━━ Given data ━━
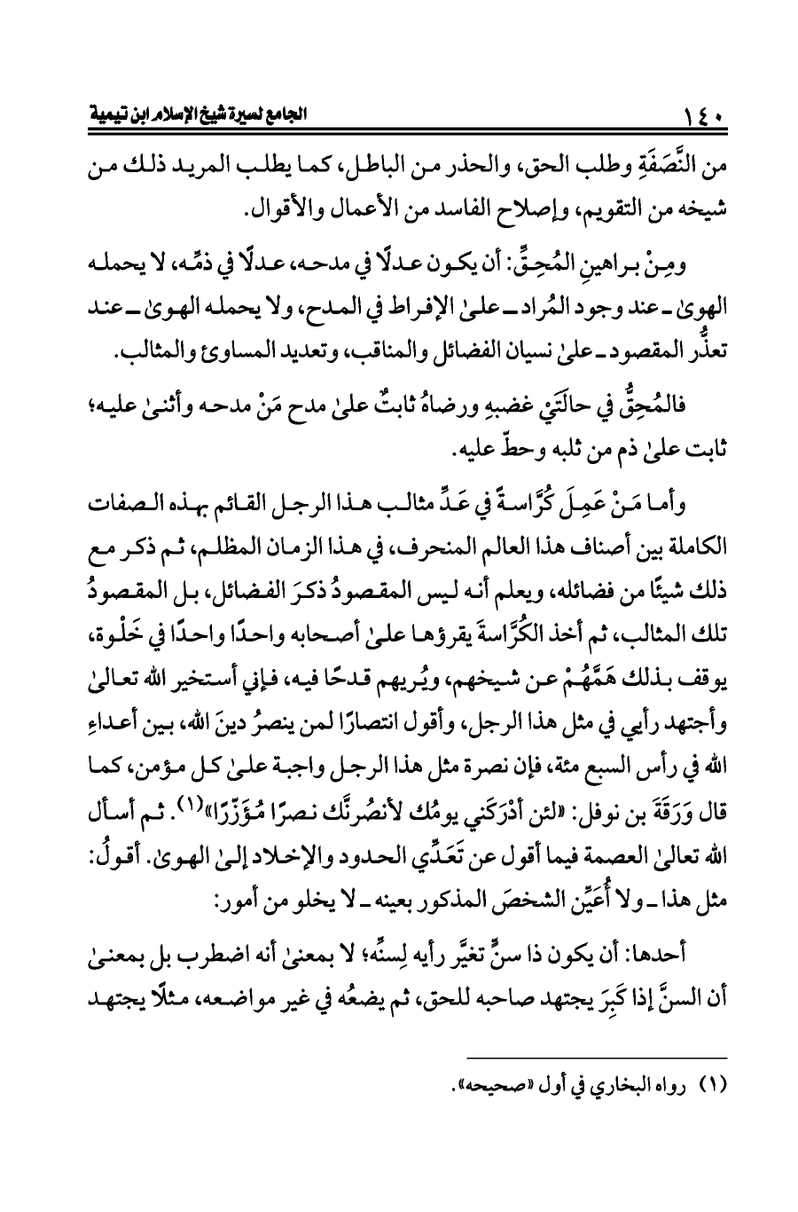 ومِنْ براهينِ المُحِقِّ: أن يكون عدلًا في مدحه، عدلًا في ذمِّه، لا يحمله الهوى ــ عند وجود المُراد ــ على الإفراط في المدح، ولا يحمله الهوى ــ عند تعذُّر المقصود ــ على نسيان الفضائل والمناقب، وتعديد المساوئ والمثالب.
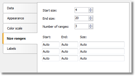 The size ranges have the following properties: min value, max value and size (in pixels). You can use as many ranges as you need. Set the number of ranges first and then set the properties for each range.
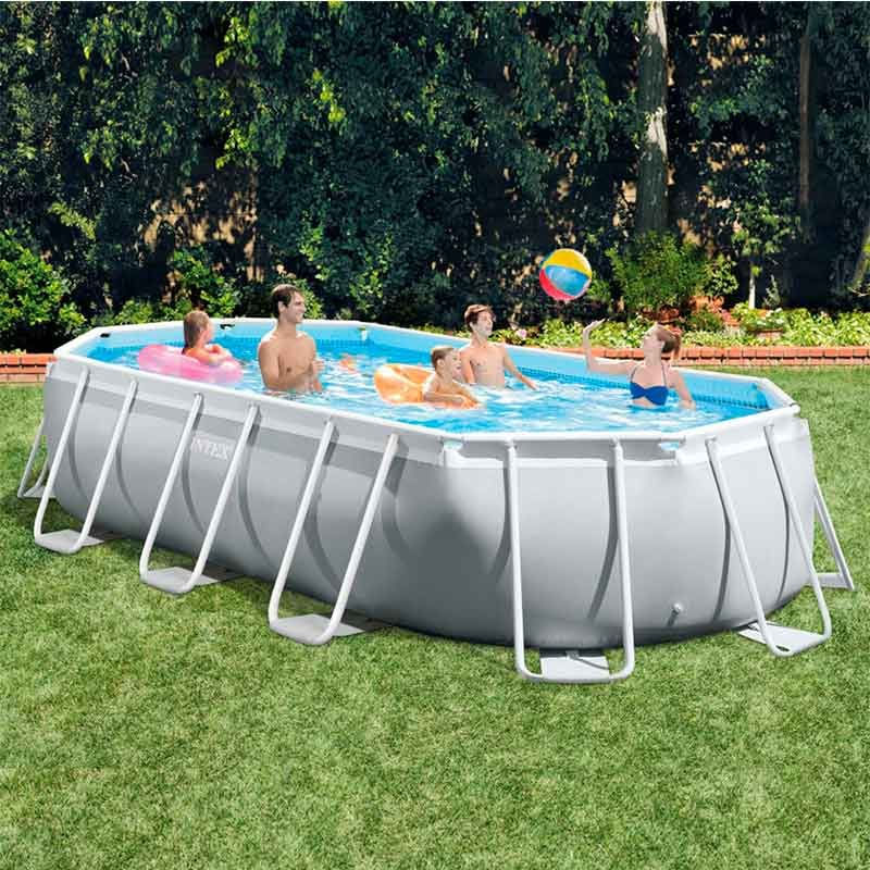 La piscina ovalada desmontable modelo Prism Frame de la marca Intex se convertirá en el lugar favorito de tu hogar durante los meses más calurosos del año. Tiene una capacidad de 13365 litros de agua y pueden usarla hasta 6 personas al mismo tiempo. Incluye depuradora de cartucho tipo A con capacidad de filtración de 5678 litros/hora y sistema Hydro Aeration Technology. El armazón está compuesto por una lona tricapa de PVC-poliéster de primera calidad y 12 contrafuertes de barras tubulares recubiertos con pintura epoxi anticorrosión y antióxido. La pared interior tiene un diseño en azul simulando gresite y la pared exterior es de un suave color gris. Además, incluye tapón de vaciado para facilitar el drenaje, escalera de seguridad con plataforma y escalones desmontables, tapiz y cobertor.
━━━
━━ Given data ━━
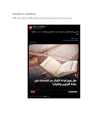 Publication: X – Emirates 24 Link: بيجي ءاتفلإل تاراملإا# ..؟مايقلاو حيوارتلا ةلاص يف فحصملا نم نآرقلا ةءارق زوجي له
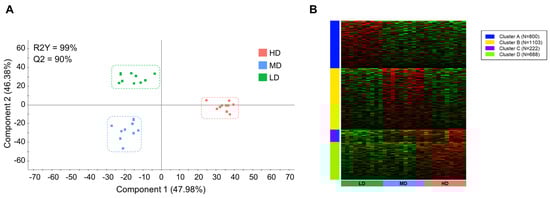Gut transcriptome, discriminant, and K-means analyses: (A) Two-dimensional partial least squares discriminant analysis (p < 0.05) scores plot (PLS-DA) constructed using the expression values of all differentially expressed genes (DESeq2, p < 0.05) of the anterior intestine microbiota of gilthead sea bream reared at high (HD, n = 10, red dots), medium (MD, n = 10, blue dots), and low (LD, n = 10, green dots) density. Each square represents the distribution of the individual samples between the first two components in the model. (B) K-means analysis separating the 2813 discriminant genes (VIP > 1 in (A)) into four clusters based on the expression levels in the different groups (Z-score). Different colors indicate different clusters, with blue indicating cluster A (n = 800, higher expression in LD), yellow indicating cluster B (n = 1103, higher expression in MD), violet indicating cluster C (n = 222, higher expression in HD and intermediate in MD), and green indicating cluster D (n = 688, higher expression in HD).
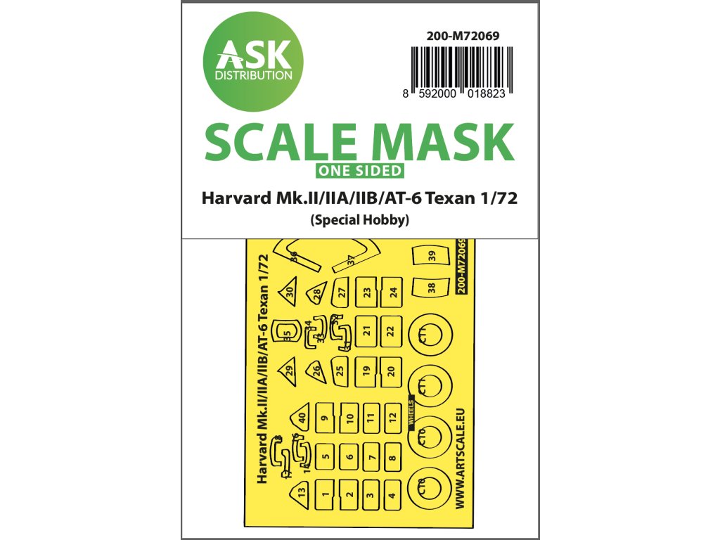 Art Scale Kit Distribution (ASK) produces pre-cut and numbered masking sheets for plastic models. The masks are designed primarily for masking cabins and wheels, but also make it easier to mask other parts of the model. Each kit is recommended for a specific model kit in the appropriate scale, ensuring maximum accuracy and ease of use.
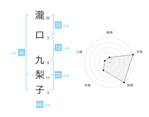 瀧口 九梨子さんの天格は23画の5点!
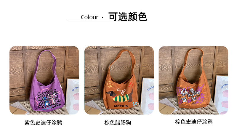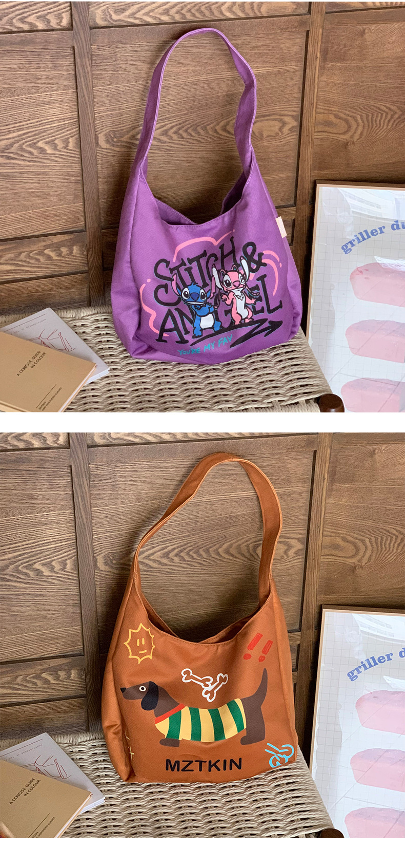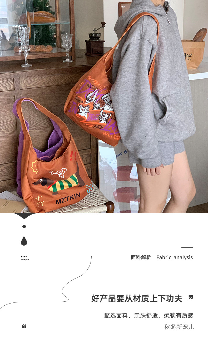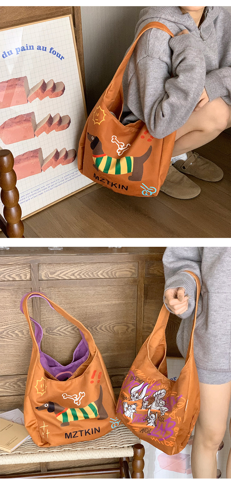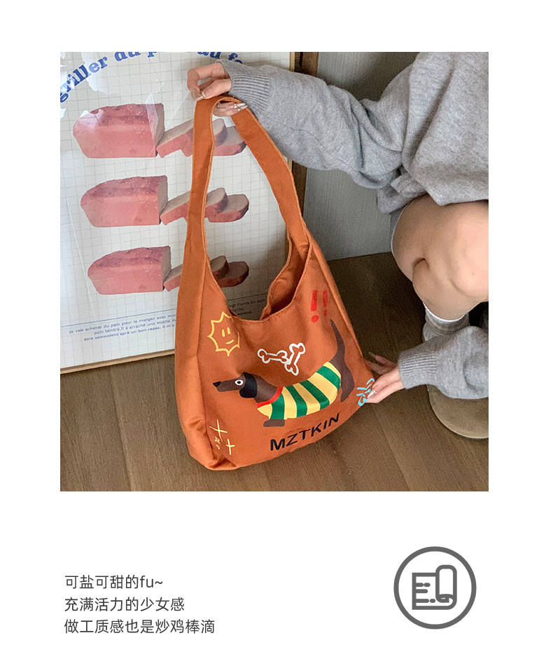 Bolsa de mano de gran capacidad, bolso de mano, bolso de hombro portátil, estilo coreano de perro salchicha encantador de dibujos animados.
━━━
━━ Given data ━━
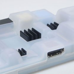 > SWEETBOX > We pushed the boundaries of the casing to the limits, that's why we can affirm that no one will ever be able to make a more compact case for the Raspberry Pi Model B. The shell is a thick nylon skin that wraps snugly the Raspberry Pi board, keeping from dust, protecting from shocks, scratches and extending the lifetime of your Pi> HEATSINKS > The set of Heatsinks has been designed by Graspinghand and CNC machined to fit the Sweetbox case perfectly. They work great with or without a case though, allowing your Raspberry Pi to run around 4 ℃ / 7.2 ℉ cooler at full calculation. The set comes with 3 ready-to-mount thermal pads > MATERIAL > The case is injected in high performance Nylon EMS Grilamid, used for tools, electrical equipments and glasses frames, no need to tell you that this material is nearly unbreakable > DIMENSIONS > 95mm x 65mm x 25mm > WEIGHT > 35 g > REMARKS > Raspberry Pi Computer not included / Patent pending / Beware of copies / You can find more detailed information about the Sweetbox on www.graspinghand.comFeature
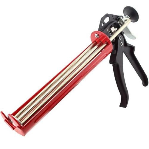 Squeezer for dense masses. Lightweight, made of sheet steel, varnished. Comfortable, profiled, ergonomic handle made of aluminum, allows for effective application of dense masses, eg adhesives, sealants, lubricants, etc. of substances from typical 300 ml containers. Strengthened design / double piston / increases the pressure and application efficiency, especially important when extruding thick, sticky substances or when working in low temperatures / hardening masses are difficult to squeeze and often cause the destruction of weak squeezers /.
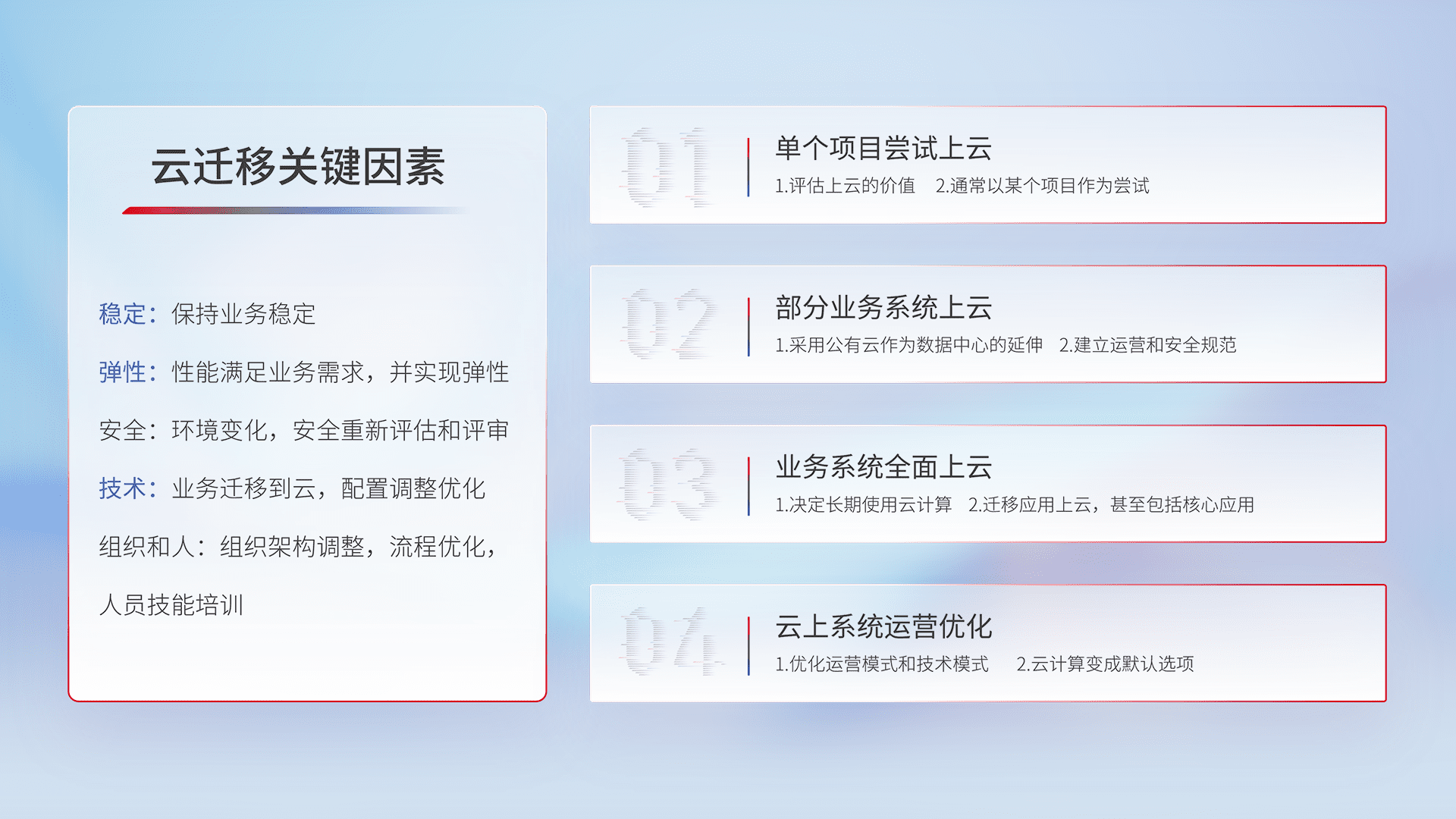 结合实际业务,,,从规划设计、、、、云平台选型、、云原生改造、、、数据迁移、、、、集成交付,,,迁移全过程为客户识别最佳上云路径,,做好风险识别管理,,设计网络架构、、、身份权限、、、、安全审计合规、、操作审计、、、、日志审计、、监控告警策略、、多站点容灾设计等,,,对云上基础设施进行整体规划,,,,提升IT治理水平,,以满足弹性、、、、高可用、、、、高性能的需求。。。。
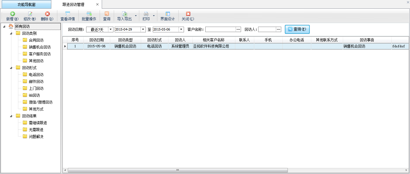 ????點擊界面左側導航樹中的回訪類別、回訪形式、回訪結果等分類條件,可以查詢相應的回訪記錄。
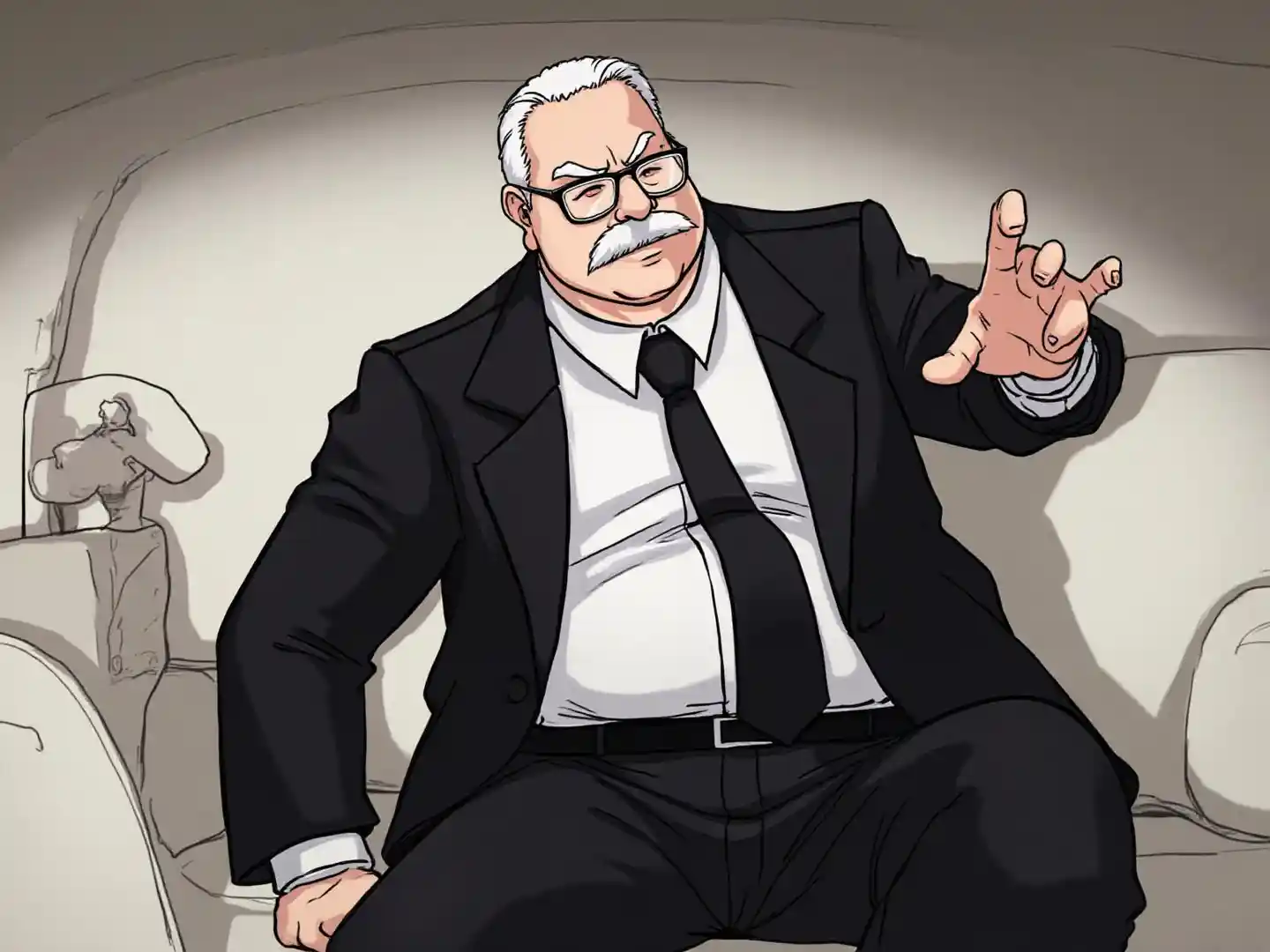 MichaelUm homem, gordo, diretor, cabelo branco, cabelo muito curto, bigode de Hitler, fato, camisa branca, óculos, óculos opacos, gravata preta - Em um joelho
━━━
What the task asks » Take the material above and output only the lines from the one that contains "Art Scale Kit" through the one that contains "Bolsa de mano", ends included and images left out.

Response »
 Art Scale Kit Distribution (ASK) produces pre-cut and numbered masking sheets for plastic models. The masks are designed primarily for masking cabins and wheels, but also make it easier to mask other parts of the model. Each kit is recommended for a specific model kit in the appropriate scale, ensuring maximum accuracy and ease of use.
 瀧口 九梨子さんの天格は23画の5点!
 Bolsa de mano de gran capacidad, bolso de mano, bolso de hombro portátil, estilo coreano de perro salchicha encantador de dibujos animados.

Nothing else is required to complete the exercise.